EXERCISE OBJECTIVE: Without the pictures, copy all of the data exactly.

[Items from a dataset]
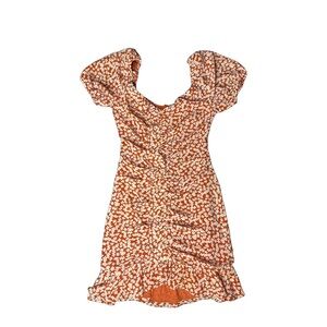 Soft shirring gathers into frilly ruffles fluttering from neck to hem on this curve-hugging floral minidress.
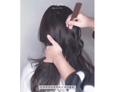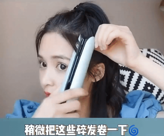 第一步:首先为了追求头发的蓬松度建议将头发卷一下,然后使用梳子进行闪电型分界线,增加一下小个性。
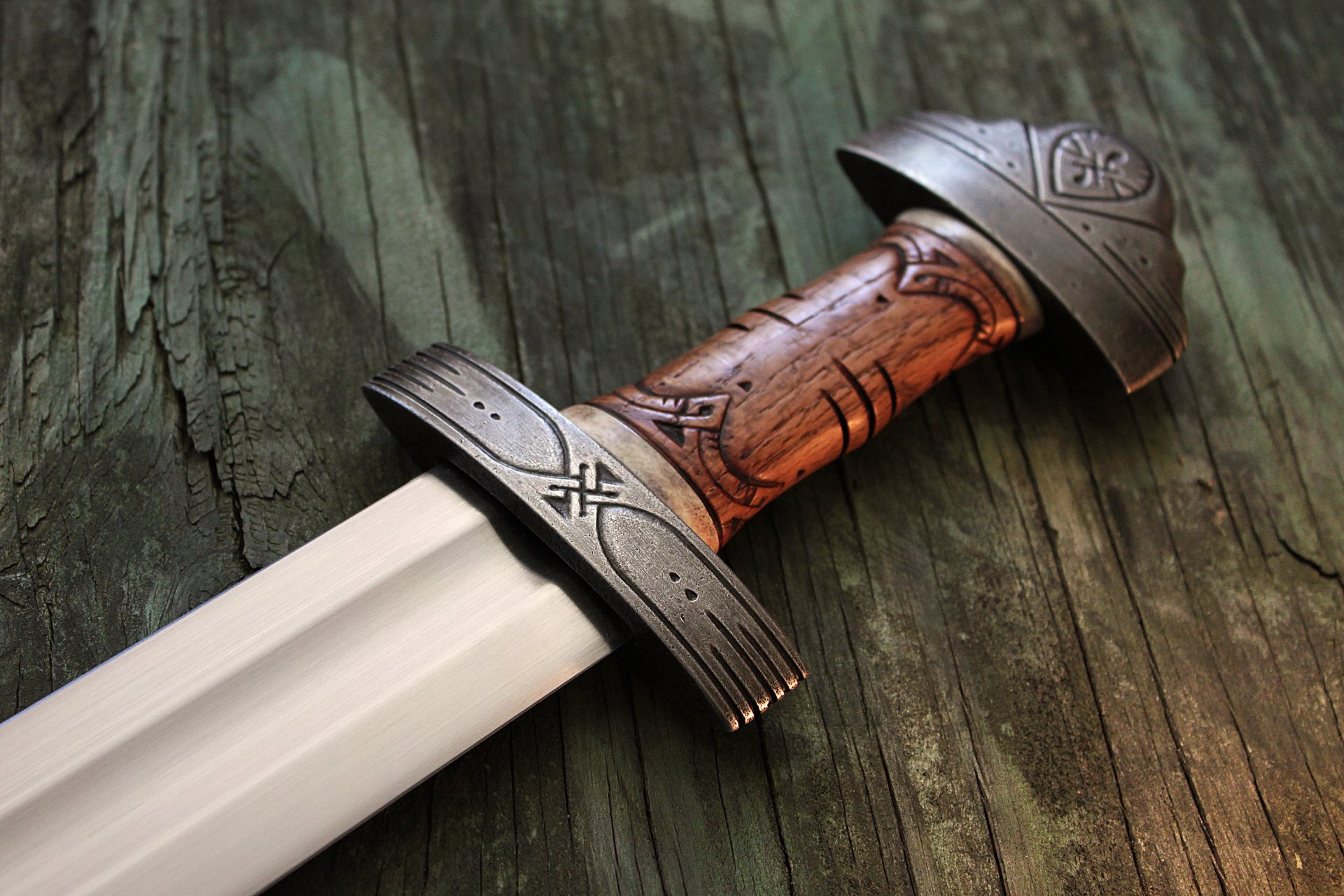 Ein schwert mit scheide liegt auf einer holzoberflächeEin Schwert mit Scheide liegt auf einer Holzoberfläche
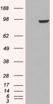 Western Blot In transfected HEK293 transiently expressing PDE5A isoform 2 a band of approx. 95kDa is observed. This band is not observed in the non-transfected HEK293 (calculated MW of 94.8kDa according to isoform 2, NP_236914.2). Recommended concentration: 0.3-1µg/ml. | |
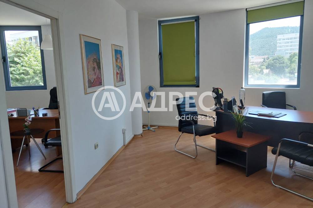 Агенция недвижими имоти Адрес предлага за продажба офис в идеален център.Намира се на трети етаж в нова бизнес сграда с чиста застроена площ 66.58 кв.м ведно с общи части 23.58 кв.м. Състои се от антре, три помещения и санитарен възел. В сградата има асансьор.Общите части на сградата са с луксозно изпълнение.Офисът се продава без оборудването!
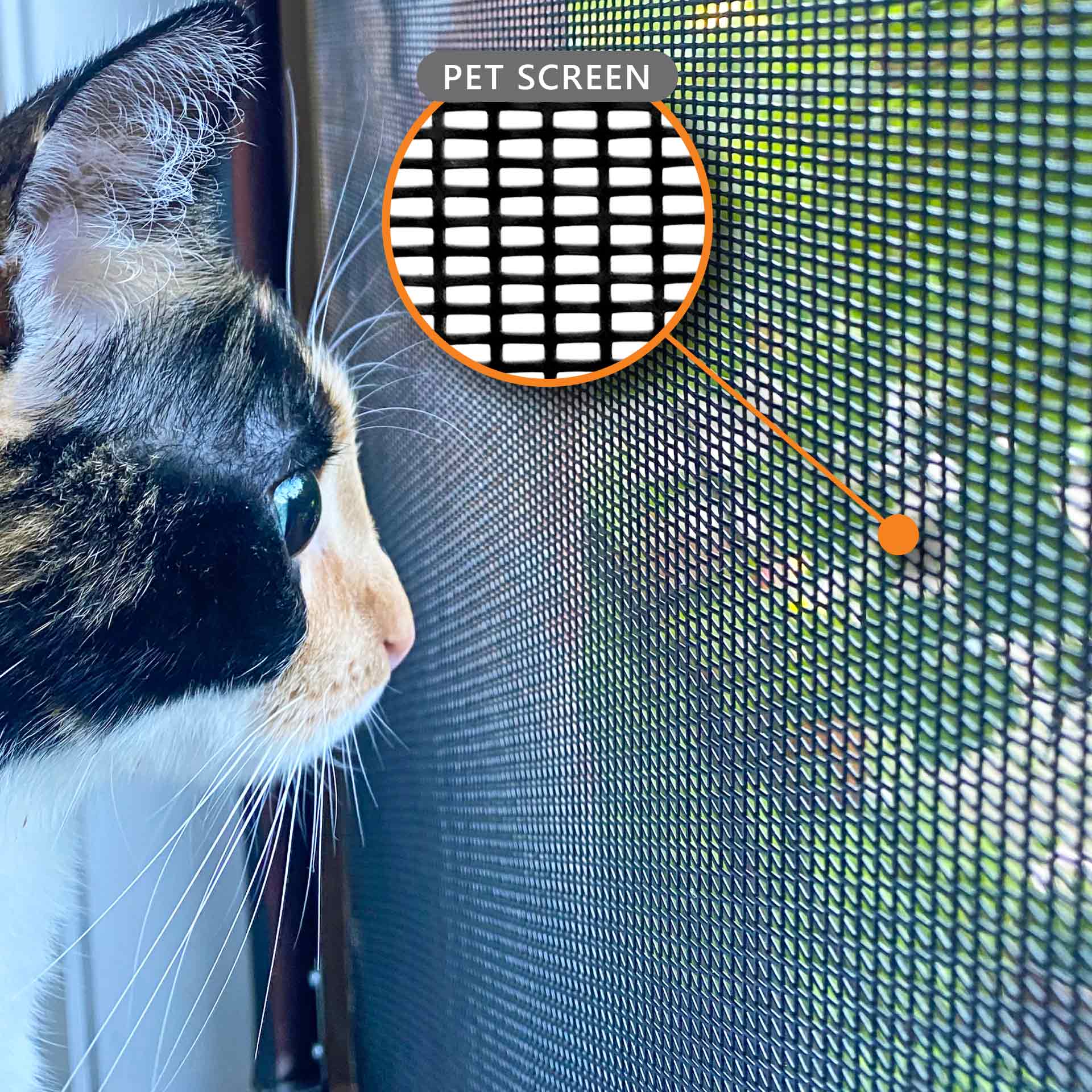 The mesh, made from extra-strong material, is approximately 7 times more durable than standard fiberglass mesh and provides protection against pet scratches. The mesh hole size is 1.49 × 2.54 mm. With 40% transparency this mesh is more visible and safe for pets. Not only will the pet screen material prevent a pet from escaping, the mesh will also protect your home from outside intruders: insects, birds, rodent, and reptiles.
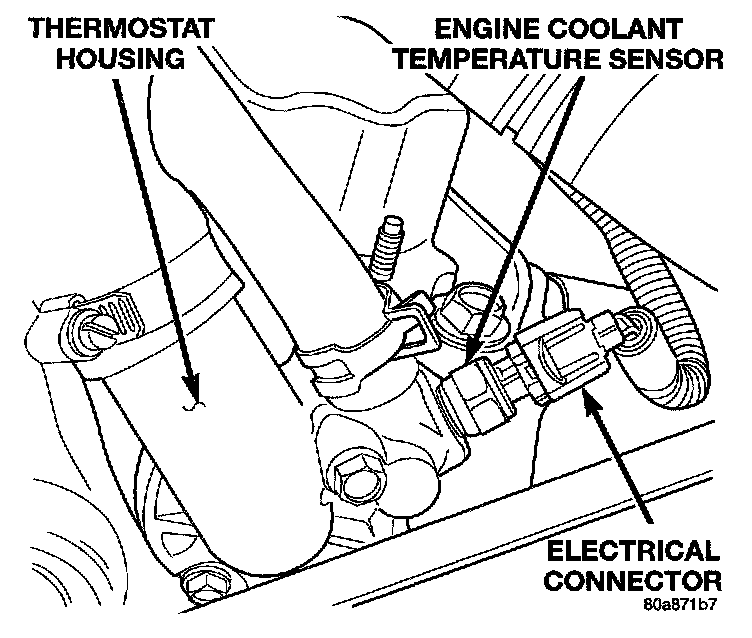 To perform a complete test of the engine coolant temperature sensor and its circuitry, refer to DRB scan tool and appropriate Powertrain Diagnostics Procedures. To test the sensor only, refer to the following:Engine Coolant Temperature Sensor - Typical:
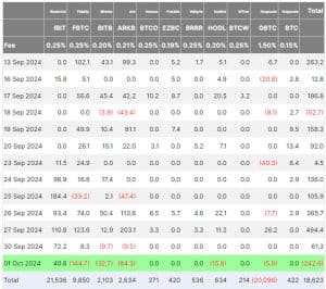 O BlackRock iShares Bitcoin Trust foi o único a registrar fluxos positivos, registrando US$40,8 milhões no dia — marcando seu 15º dia consecutivo sem saída.
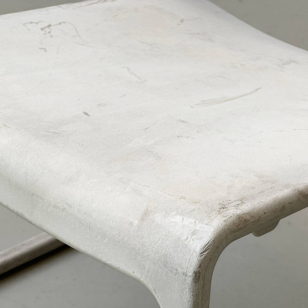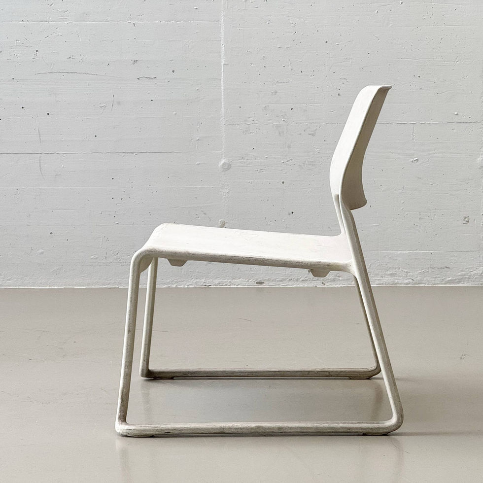 Markante Stapelstühle aus der Spark Series, entworfen von Don Chadwick für Knoll. Das Design entstand auf Initiative des damaligen Design Directors Benjamin Pardo mit dem Ziel, einen leichten, stapelbaren und zugleich robusten Stuhl für den Objektbereich zu entwickeln. Die Sitzschale ist aus glasfaserverstärktem Polypropylen (PP GF20) gefertigt – einem technisch hochwertigen Verbundmaterial, das sich durch besondere Stabilität, Langlebigkeit und Witterungsbeständigkeit auszeichnet. Die leicht strukturierte, matte Oberfläche verleiht den Stühlen eine industrielle, beinahe mineralische Anmutung und unterscheidet sie deutlich von gewöhnlichem Kunststoff. Die weich gerundete Formgebung mit integrierter Grifföffnung in der Rückenlehne sorgt für hohen Komfort und praktische Handhabung. Das charakteristische Kufengestell ist integraler Bestandteil der Konstruktion und ermöglicht ein platzsparendes Stapeln.
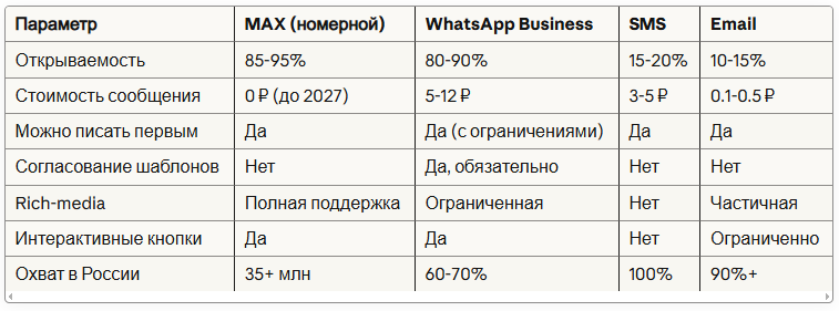 Номерные рассылки в MAX решают эти проблемы: открываемость 85-95%, бесплатный API до 2027 года, нет жёстких ограничений на шаблоны.
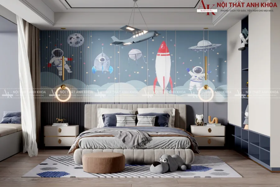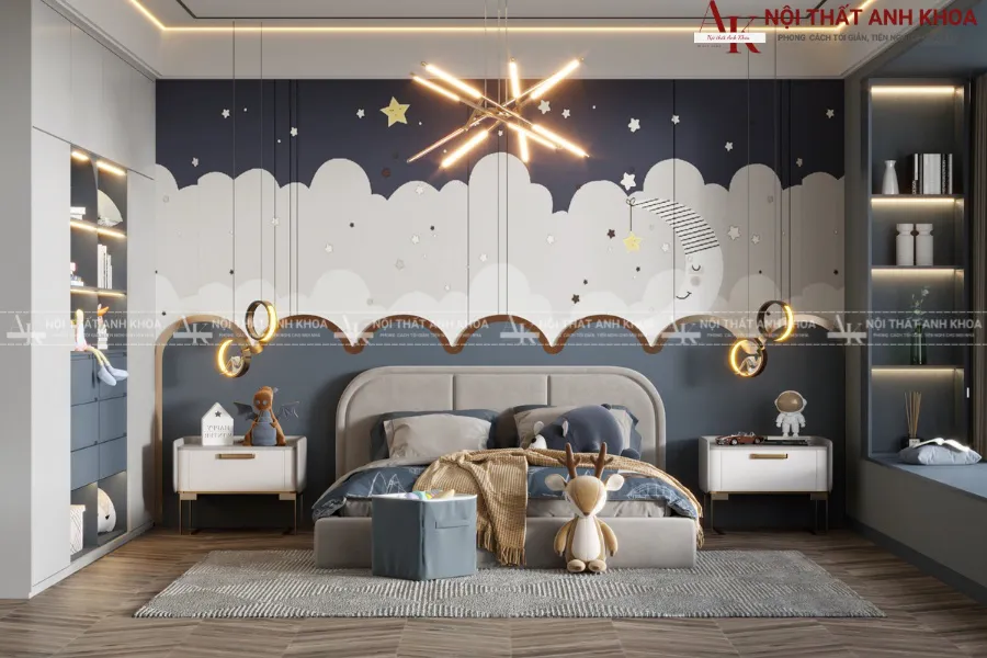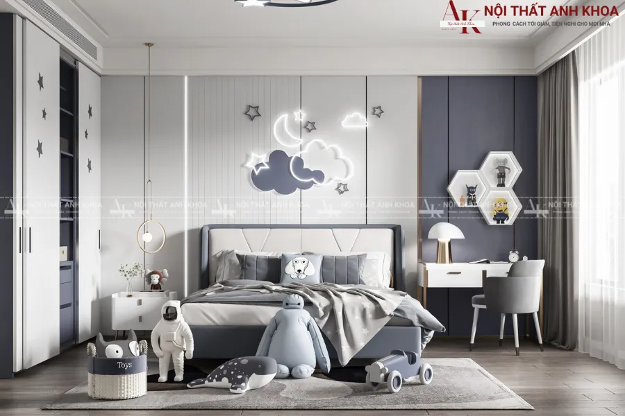 Hiểu được điều đó, nội thất Anh Khoa mang đến những giải pháp thiết kế combo nội thất phòng ngủ bé trai hiện đại, đáp ứng hoàn hảo sự cân bằng giữa thẩm mỹ tinh tế và công năng vượt trội, giúp cha mẹ kiến tạo không gian lý tưởng cho con yêu.

EXERCISE ANSWER:
 Soft shirring gathers into frilly ruffles fluttering from neck to hem on this curve-hugging floral minidress.
 第一步:首先为了追求头发的蓬松度建议将头发卷一下,然后使用梳子进行闪电型分界线,增加一下小个性。
 Ein schwert mit scheide liegt auf einer holzoberflächeEin Schwert mit Scheide liegt auf einer Holzoberfläche
 Western Blot In transfected HEK293 transiently expressing PDE5A isoform 2 a band of approx. 95kDa is observed. This band is not observed in the non-transfected HEK293 (calculated MW of 94.8kDa according to isoform 2, NP_236914.2). Recommended concentration: 0.3-1µg/ml. | |
 Агенция недвижими имоти Адрес предлага за продажба офис в идеален център.Намира се на трети етаж в нова бизнес сграда с чиста застроена площ 66.58 кв.м ведно с общи части 23.58 кв.м. Състои се от антре, три помещения и санитарен възел. В сградата има асансьор.Общите части на сградата са с луксозно изпълнение.Офисът се продава без оборудването!
 The mesh, made from extra-strong material, is approximately 7 times more durable than standard fiberglass mesh and provides protection against pet scratches. The mesh hole size is 1.49 × 2.54 mm. With 40% transparency this mesh is more visible and safe for pets. Not only will the pet screen material prevent a pet from escaping, the mesh will also protect your home from outside intruders: insects, birds, rodent, and reptiles.
 To perform a complete test of the engine coolant temperature sensor and its circuitry, refer to DRB scan tool and appropriate Powertrain Diagnostics Procedures. To test the sensor only, refer to the following:Engine Coolant Temperature Sensor - Typical:
 O BlackRock iShares Bitcoin Trust foi o único a registrar fluxos positivos, registrando US$40,8 milhões no dia — marcando seu 15º dia consecutivo sem saída.
 Markante Stapelstühle aus der Spark Series, entworfen von Don Chadwick für Knoll. Das Design entstand auf Initiative des damaligen Design Directors Benjamin Pardo mit dem Ziel, einen leichten, stapelbaren und zugleich robusten Stuhl für den Objektbereich zu entwickeln. Die Sitzschale ist aus glasfaserverstärktem Polypropylen (PP GF20) gefertigt – einem technisch hochwertigen Verbundmaterial, das sich durch besondere Stabilität, Langlebigkeit und Witterungsbeständigkeit auszeichnet. Die leicht strukturierte, matte Oberfläche verleiht den Stühlen eine industrielle, beinahe mineralische Anmutung und unterscheidet sie deutlich von gewöhnlichem Kunststoff. Die weich gerundete Formgebung mit integrierter Grifföffnung in der Rückenlehne sorgt für hohen Komfort und praktische Handhabung. Das charakteristische Kufengestell ist integraler Bestandteil der Konstruktion und ermöglicht ein platzsparendes Stapeln.
 Номерные рассылки в MAX решают эти проблемы: открываемость 85-95%, бесплатный API до 2027 года, нет жёстких ограничений на шаблоны.
 Hiểu được điều đó, nội thất Anh Khoa mang đến những giải pháp thiết kế combo nội thất phòng ngủ bé trai hiện đại, đáp ứng hoàn hảo sự cân bằng giữa thẩm mỹ tinh tế và công năng vượt trội, giúp cha mẹ kiến tạo không gian lý tưởng cho con yêu.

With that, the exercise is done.